Not that TechCrunch expects Ramp or Brex to take this Airbase move lying down. They will not. Each has oceans of capital as well as venture backers that have shown a sharp willingness to provide them with more financial firepower. But it matters that Airbase is scorched-earthing interchange revenues by giving the money back to end-users. It makes it cheaper — to the point of negative cost — to use modern corporate spend services. That should help with customer acquisition.

TechCrunch chatted with Airbase CEO Thejo Kote about the product news, curious how much marketing effort his company was going to put into its new, free product, called Essentials. Kote said that there is a big push coming, implying that Airbase doesn’t merely want to attract a few smaller companies to its free product to later convert. It wants to get lots of them, and that, naturally, will bring it into closer competition with Ramp and Brex, which have historically focused on smaller companies.

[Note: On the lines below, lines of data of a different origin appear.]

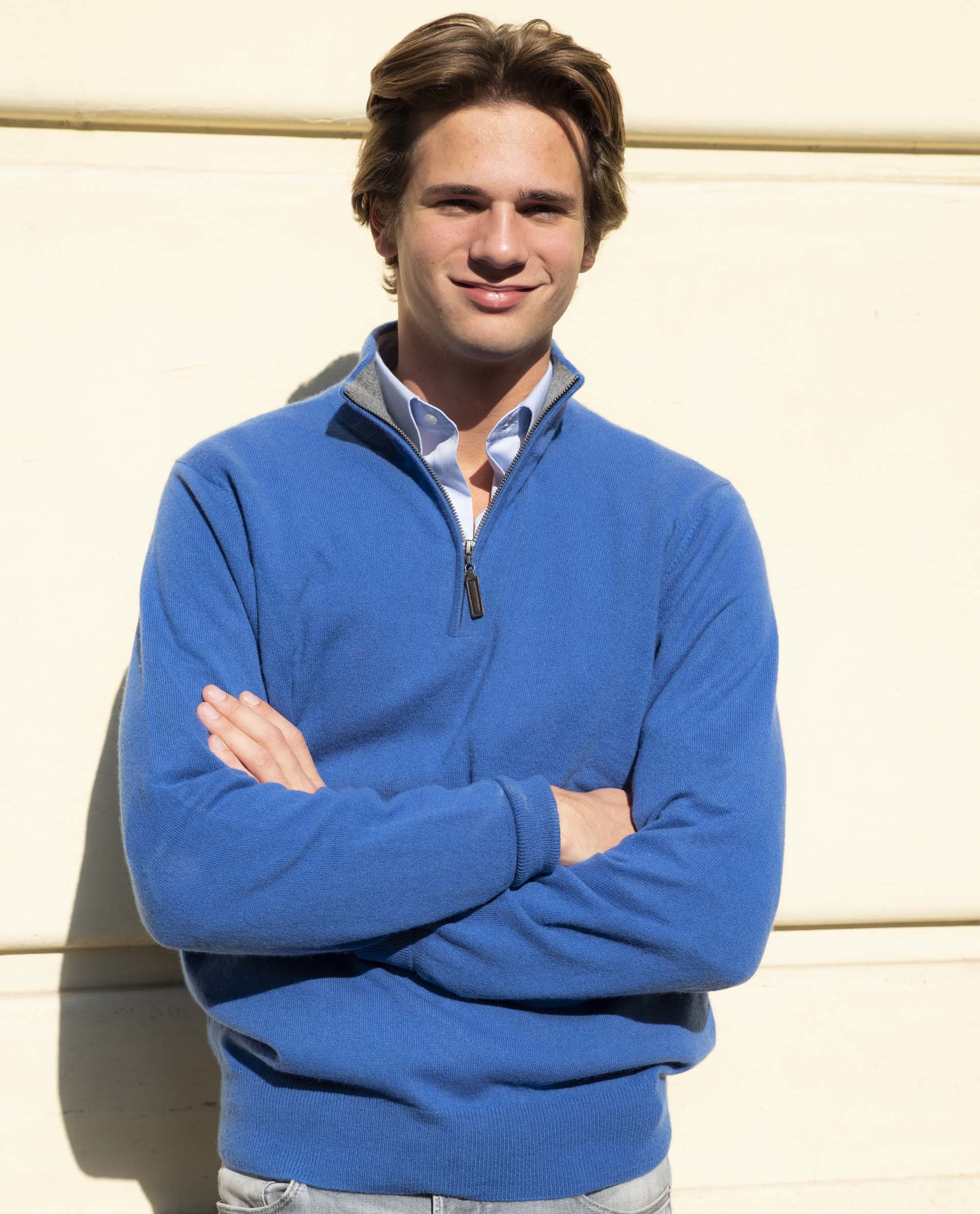 Pull maille jersey en cachemire double fil. Col zippé avec intérieur contrasté. Finition bord côtes.
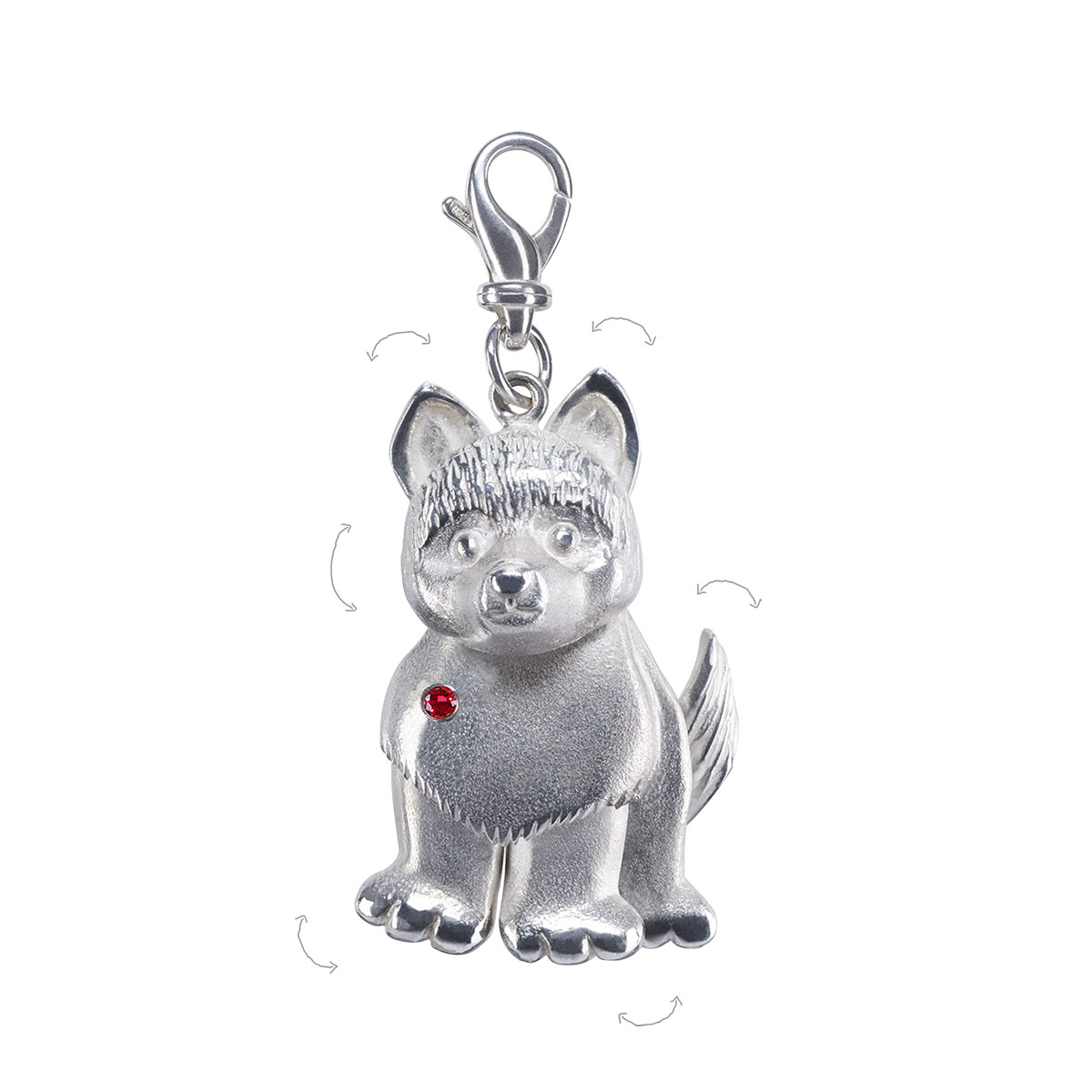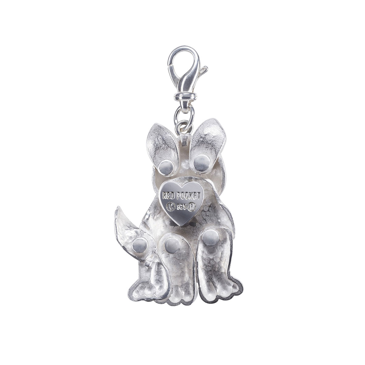 ~ .935 tarnish resistant silver ~ 2.5mm AAA grade non-conflict ruby ~ Handcrafted in New York ~ Moving parts: ears, head, tail, legs ~ Height 4.6cm, Width 3.2cm ~ Height with clasp 6.5cm ~ Clasp .925 silver from Italy ~ Years: 1922, 1934, 1946, 1958, 1970, 1982. 1994, 2006, 2018, 2030
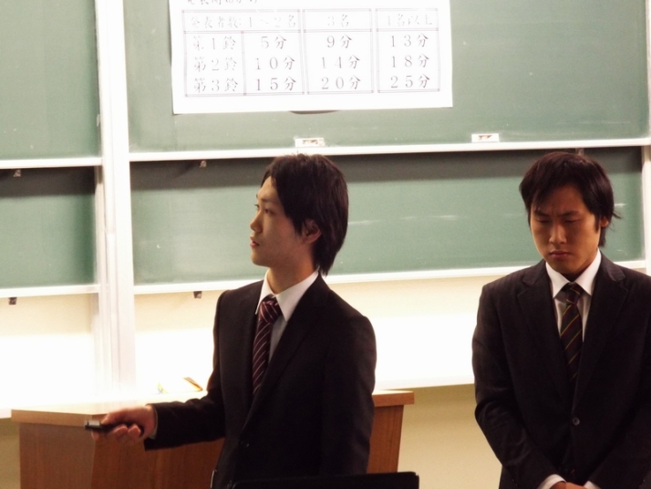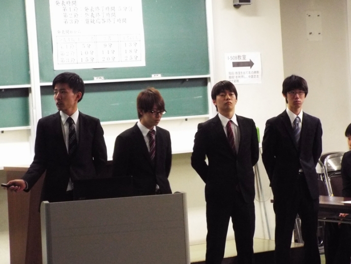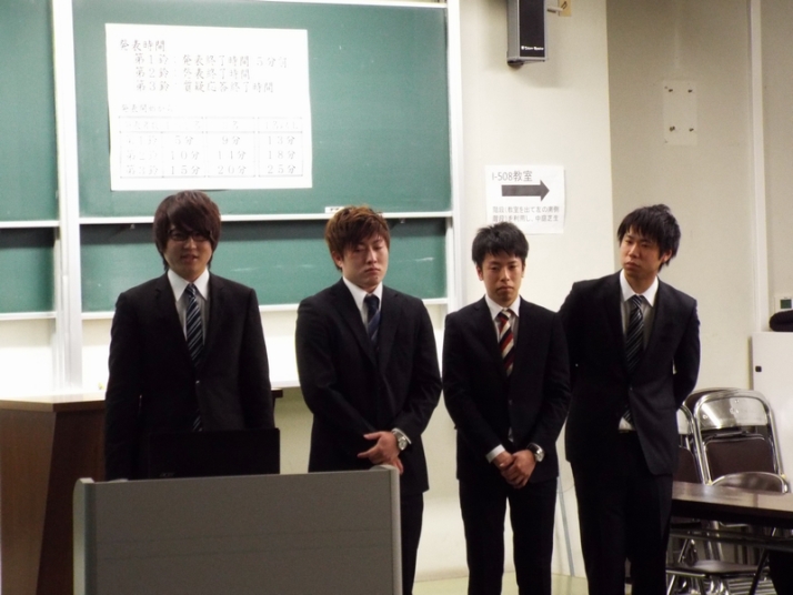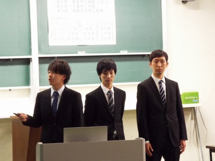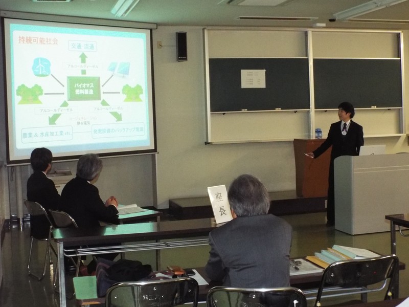平成27年度崇城大学工学部機械工学科の卒業研究発表会が平成28年2月12日(金)に機械工学科棟I508教室で開催されました.卒業研究に着手した4年生は,配属先の研究室において,機械工学に関する研究テーマに取り組み,得られた成果を卒業論文としてまとめ,本発表会において,その内容を口頭発表します.なお,発表会では,口頭発表のみならず,質疑応答もあります.どの学生も口頭発表の制限時間を守り,発表練習をしっかり行っていることがわかりました.また,質疑応答では,真摯に回答している姿が印象的でした.
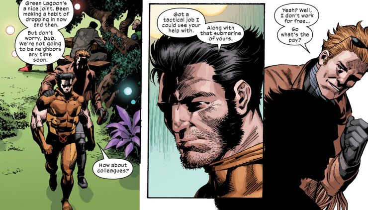 En Lobezno # 18 por Benjamin Percy y Lan Medina, Wolverine se encuentra nuevamente en una situación similar de falta de personal, listo para investigar una amenaza al juego farmacéutico de Krakoa con solo Domino a su lado. Cuando ve a Maverick, un viejo conocido, lo recluta y le paga por unirse a la misión, lo que demuestra que X-Force es tan difícil para los miembros del equipo que el freelance ahora es una opción. Esto, junto con el deterioro moral de Beast, son solo algunos de los factores que erosionan el brillo de X-Force como una operación de élite. Dado que casi todos los que se supone que son miembros activos de X-Force aparentemente han tenido otras prioridades últimamente, el equipo está perdiendo una parte crucial de lo que lo hizo tan efectivo.
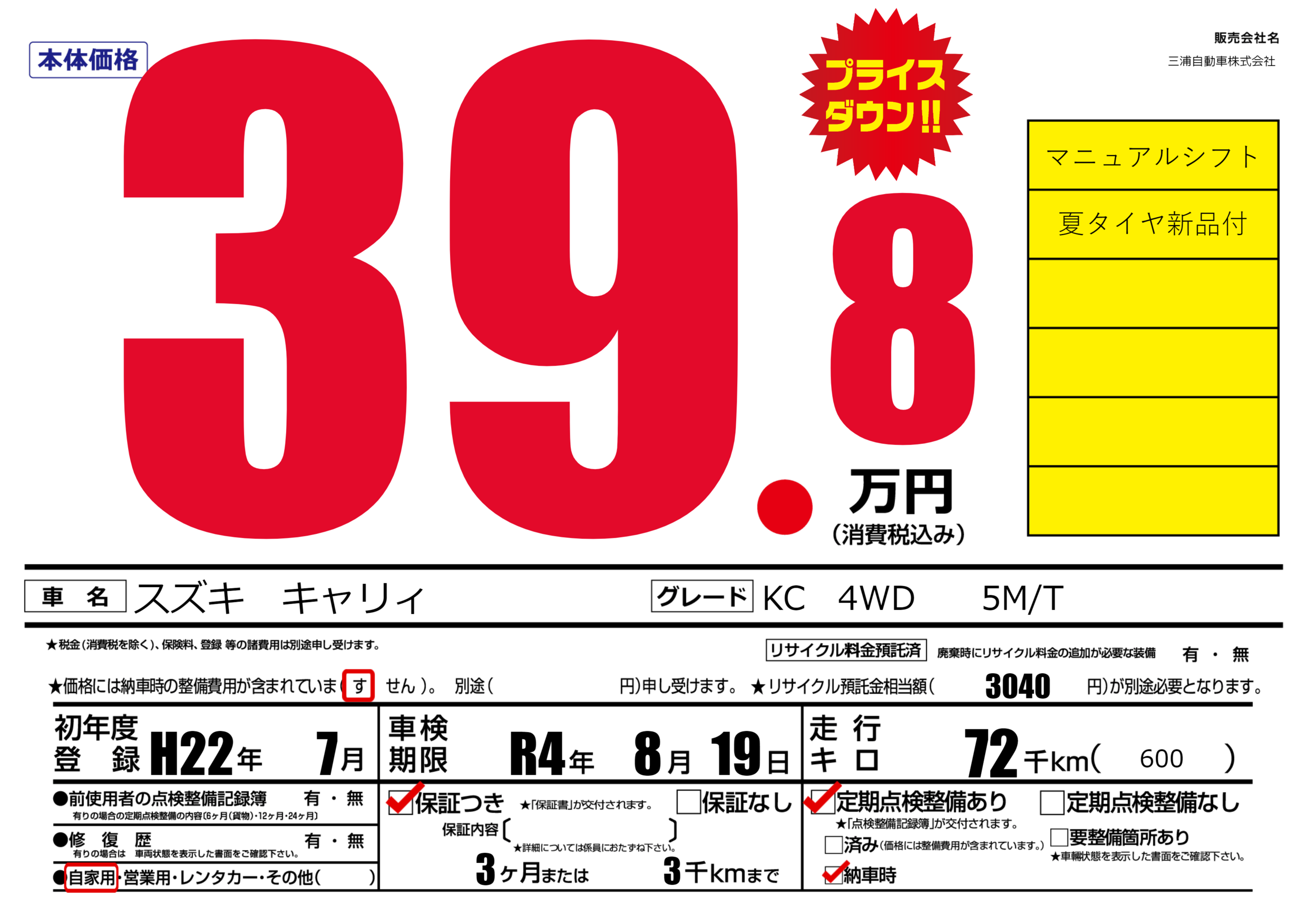 | 車名 | スズキ キャリィ | グレード ミッション 排気量 |
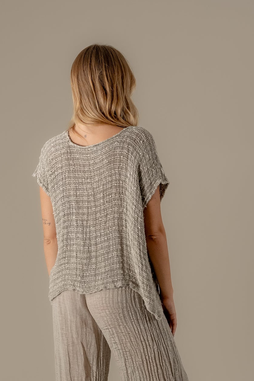 The Top Icaro Più by La Bottega di Brunella is a beautifully textured knit crafted in Campagna Luxor linen. With its raw edges, soft drape, and airy weave, this sleeveless design captures effortless elegance with a touch of rustic charm.
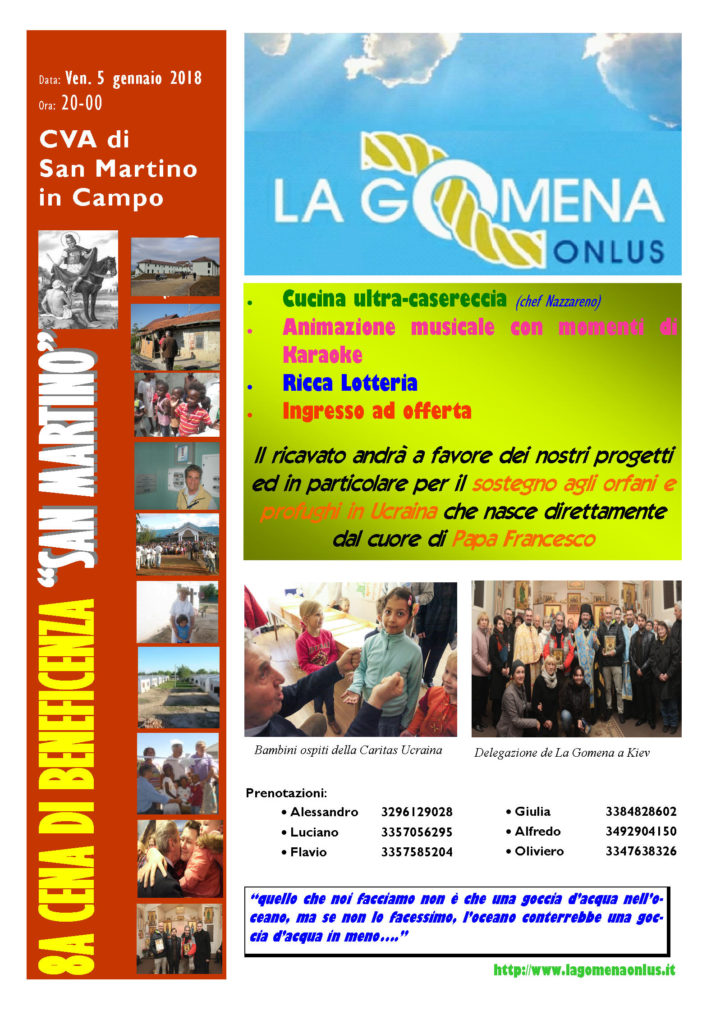 La consueta cena di solidarietà d’Epifania avrà luogo venerdì 5 gennaio 2018 alle ore 20,00, presso il CVA di San Martino in Campo.
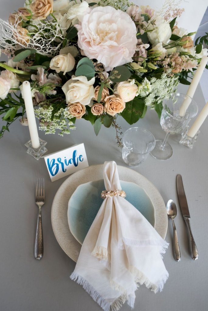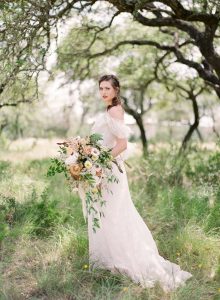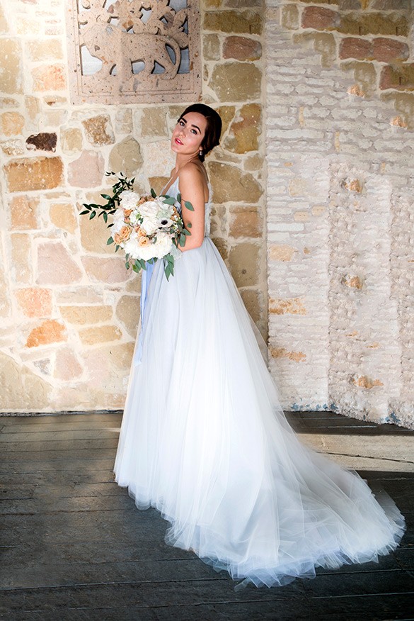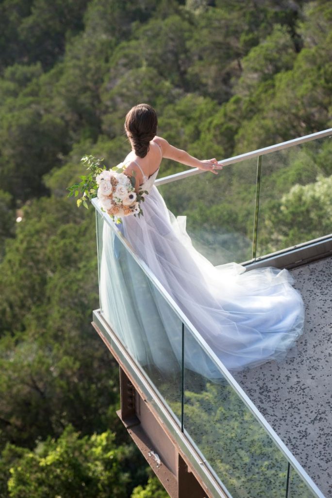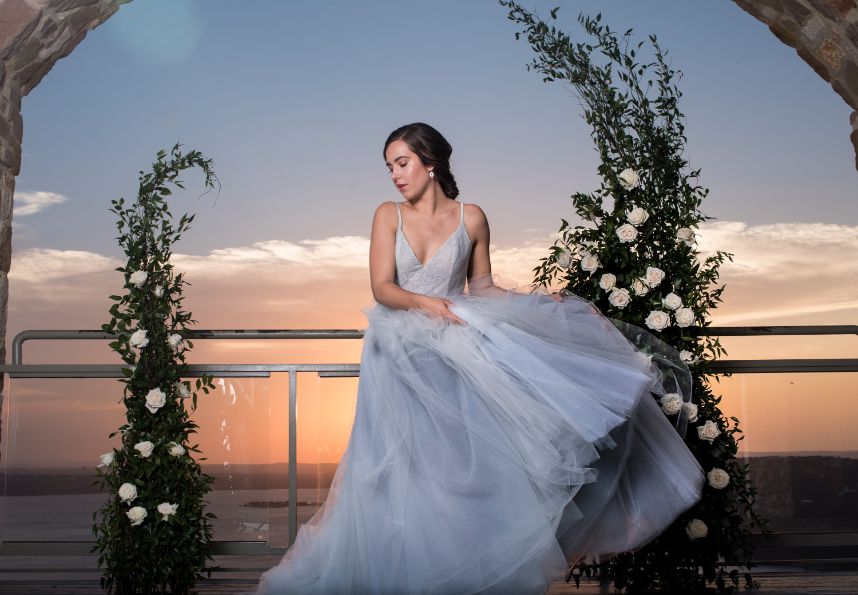 There’s nothing we love more than those watercolor skies that bless us every summer. Combined with an unbelievable view of Lake Travis via The Oasis, and a dreamy, seaside color palette, this styled shoot is giving us ALL the sunset wedding inspiration. Whimsical, bold calligraphy from Bailey Rose Design added some pop to the accompanying soft, beachy place setting. Breed & Co provided the stoneware with a sea glass like glaze – perfect for the occasion! The floral design incorporated warm and cool colors, mimicking the tones of the beach and sand. Malleret Designs artistically combined honey colored roses with pale pink peonies for the look. The bridal style was perfectly curated; a tulle dress in the faintest hue of blue from Unbridaled was understated, yet eye-catching. Eliza Page provided a unique ring with a stone to match the gown – soft blue with a distinct uniqueness. The beauty look from Level 12 Salon was effortlessly feminine, pairing a soft, low bun and natural makeup for an ideal elegance. Sasha Haagensen worked her sunset wedding magic and captured some of the most stunning photos! You don’t want to miss this!

There’s more to the corporate spend market than just business model dynamics and fundraising. Airbase expanded support for international corporate subsidiaries this September, for example, and the results of that product work will be found in customer up-sell rates from free to paid versions of the company’s software, which it reckons can take a company from inception to an eventual IPO.

But with three American corporate spend startups bashing one another over the head with capital — Airbase raised $60 million in a round led by Menlo rather recently, Brex is raising $300 million more at a $12.3 billion valuation, and Ramp raised $300 million just a few months ago — it’s fun to see where they are finding market space to undercut one another, to the benefit of customers who keep getting more for less.

Let’s see how Brex and Ramp respond, and if Airbase actually does manage to preclude interchange fees as a spend software monetization technique by simply deciding to give them back to users.